GOAL OF THE EXERCISE
Write every line below out again, exactly as given, but leave out the pictures.

PROVIDED INFORMATION
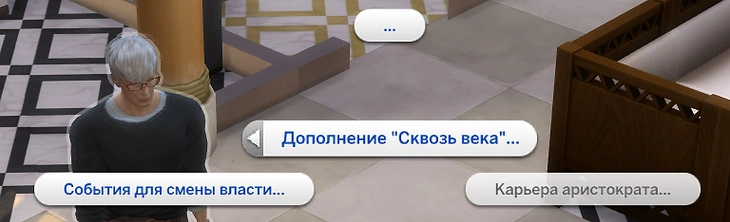 Нажмите на персонажа левой кнопкой мыши, введя код разработчика, с зажатой клавишей Shift. Перейдите во вкладку "Дополнение "Сквозь века"”. Здесь вы увидите четыре опции: “Карьера аристократа” (будет заблокирована, если персонаж не работает аристократом), "Авторитет аристократа" (невидима не аристократам) и “События для смены власти...” и"...".
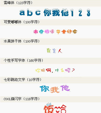 全套漂亮可愛的QQ彩色字體|
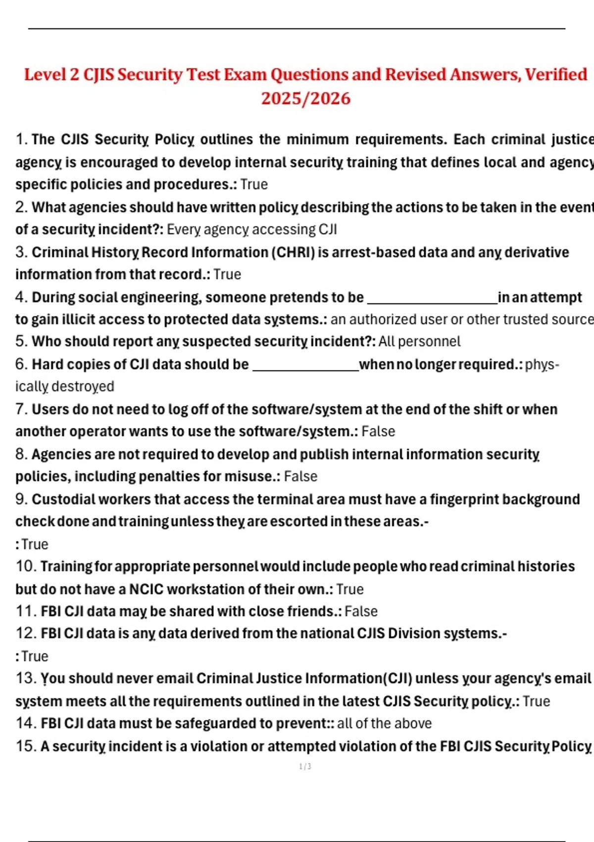 1. The CJIS Securitỵ Policỵ outlines the minimum requirements. Each criminal justice
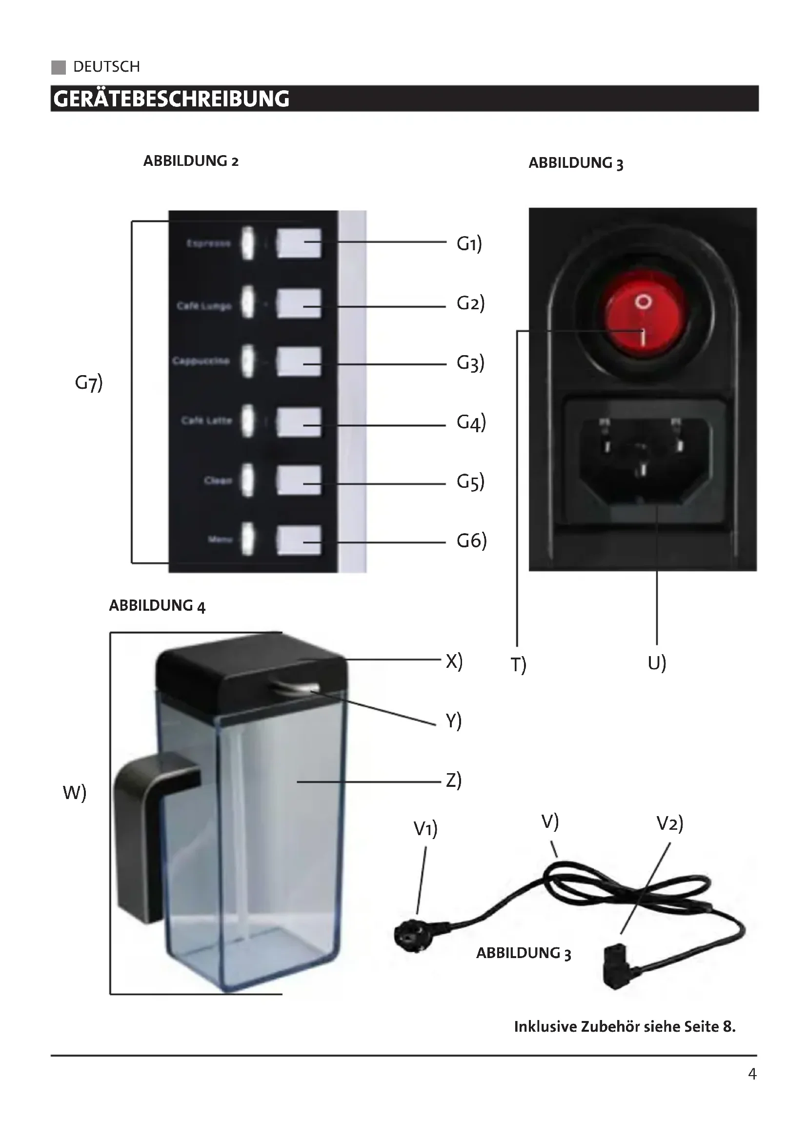 ABBILDUNG 2 ABBILDUNG 4 ABBILDUNG 3 ABBILDUNG 3 Inklusive Zubehör siehe Seite 8. Martello_Raffinato_2012-08-03_Layout 1 13.08.12 19:25 Seite 4DEUTSCH g GERÄTEBESCHREIBUNG ABBILDUNG 1 A. . . . Griff B . . . . Klappe C . . . . Kapselschieber D. . . . Wassertank Deckel E . . . . Wassertank F . . . . Display G. . . . Bedienfeld H. . . . höhenverstellbare Tassenabstellfläche I . . . . Kapseleinschuböffnung J . . . . Tassenwärmer K . . . . Düsenhalterungsstift L . . . . Düsenabdeckungsgriff M . . . Düsenabdeckung N. . . . Milchanschlussöffnung O. . . . Milchdüse P . . . . Cafè-Düse Q. . . . Herausnehmbarer Kapselbehälter R . . . . Abtropfgitter S . . . . Tropfwanne ABBILDUNG 2 G 1. . . ESPRESSO-Taste (↓) G 2 . . CAFÈ LUNGO-Taste (+) G 3 . . CAPPUCCINO-Taste (-) G 4 . . CAFÈ LATTE -Taste (↑) G 5 . . CLEAN-Taste G 6 . . MENU-Taste G 7 . . Kontrollleuchten ABBILDUNG 3 T . . . . EIN-/AUS-Schalter U . . . . Stromversorgungsbuchse V . . . . Netzkabel V1 . . . Netzkabelstecker V2 . . . Netzkabel Steckdose ABBILDUNG 4 W . . . Milchbehälter X . . . . Milchtankdeckel Y . . . . Rohr Z . . . . Milchtank
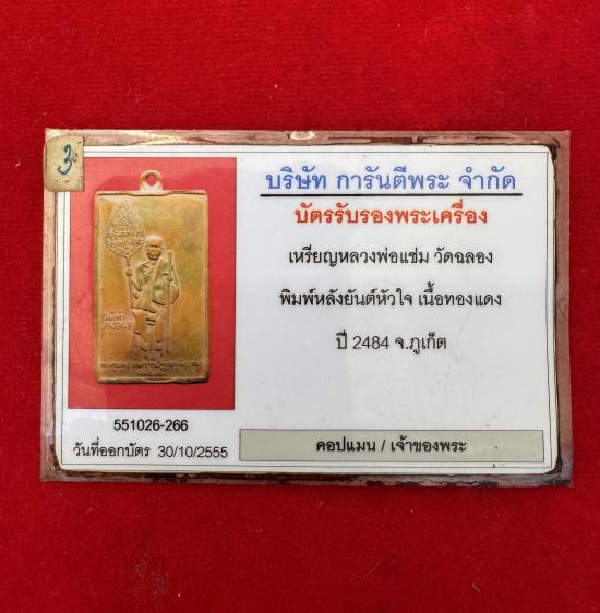 เหรียญหลวงพ่อแช่ม วัดฉลอง พิมพ์หลังยันต์หัวใจ เนื้อทองแดง ปี 2484 (พร้อมบัตรการันตีพระ) |
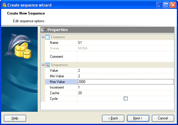 Sequences may be created with Create Sequence Wizard. Just specify the wizard options according to your needs.
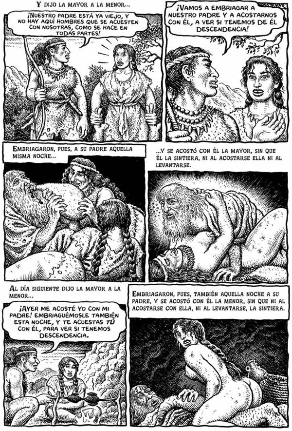 Hablamos de Crumb, es decir, de uno de los padres fundadores de la mirada underground que renovó sin miramientos el lenguaje del cómic a partir de los años sesenta del pasado siglo. Y hablamos del Génesis, una de las fuentes de todas las fuentes. La combinación de estos dos elementos puede parecer chocante, pero no lo es en absoluto. R. Crumb es un defensor del naturalismo, un tanto manierista si se quiere. Y si algo es propio de la literatura del Génesis es precisamente lo mismo, un naturalismo aquí exageradamente manierista. Es como si este primer libro sagrado de nuestra historia hubiera estado esperando a que la plumilla de Crumb desvelara sus secretos al gran público.

RESULT OF THIS TASK
 Нажмите на персонажа левой кнопкой мыши, введя код разработчика, с зажатой клавишей Shift. Перейдите во вкладку "Дополнение "Сквозь века"”. Здесь вы увидите четыре опции: “Карьера аристократа” (будет заблокирована, если персонаж не работает аристократом), "Авторитет аристократа" (невидима не аристократам) и “События для смены власти...” и"...".
 全套漂亮可愛的QQ彩色字體|
 1. The CJIS Securitỵ Policỵ outlines the minimum requirements. Each criminal justice
 ABBILDUNG 2 ABBILDUNG 4 ABBILDUNG 3 ABBILDUNG 3 Inklusive Zubehör siehe Seite 8. Martello_Raffinato_2012-08-03_Layout 1 13.08.12 19:25 Seite 4DEUTSCH g GERÄTEBESCHREIBUNG ABBILDUNG 1 A. . . . Griff B . . . . Klappe C . . . . Kapselschieber D. . . . Wassertank Deckel E . . . . Wassertank F . . . . Display G. . . . Bedienfeld H. . . . höhenverstellbare Tassenabstellfläche I . . . . Kapseleinschuböffnung J . . . . Tassenwärmer K . . . . Düsenhalterungsstift L . . . . Düsenabdeckungsgriff M . . . Düsenabdeckung N. . . . Milchanschlussöffnung O. . . . Milchdüse P . . . . Cafè-Düse Q. . . . Herausnehmbarer Kapselbehälter R . . . . Abtropfgitter S . . . . Tropfwanne ABBILDUNG 2 G 1. . . ESPRESSO-Taste (↓) G 2 . . CAFÈ LUNGO-Taste (+) G 3 . . CAPPUCCINO-Taste (-) G 4 . . CAFÈ LATTE -Taste (↑) G 5 . . CLEAN-Taste G 6 . . MENU-Taste G 7 . . Kontrollleuchten ABBILDUNG 3 T . . . . EIN-/AUS-Schalter U . . . . Stromversorgungsbuchse V . . . . Netzkabel V1 . . . Netzkabelstecker V2 . . . Netzkabel Steckdose ABBILDUNG 4 W . . . Milchbehälter X . . . . Milchtankdeckel Y . . . . Rohr Z . . . . Milchtank
 เหรียญหลวงพ่อแช่ม วัดฉลอง พิมพ์หลังยันต์หัวใจ เนื้อทองแดง ปี 2484 (พร้อมบัตรการันตีพระ) |
 Sequences may be created with Create Sequence Wizard. Just specify the wizard options according to your needs.
 Hablamos de Crumb, es decir, de uno de los padres fundadores de la mirada underground que renovó sin miramientos el lenguaje del cómic a partir de los años sesenta del pasado siglo. Y hablamos del Génesis, una de las fuentes de todas las fuentes. La combinación de estos dos elementos puede parecer chocante, pero no lo es en absoluto. R. Crumb es un defensor del naturalismo, un tanto manierista si se quiere. Y si algo es propio de la literatura del Génesis es precisamente lo mismo, un naturalismo aquí exageradamente manierista. Es como si este primer libro sagrado de nuestra historia hubiera estado esperando a que la plumilla de Crumb desvelara sus secretos al gran público.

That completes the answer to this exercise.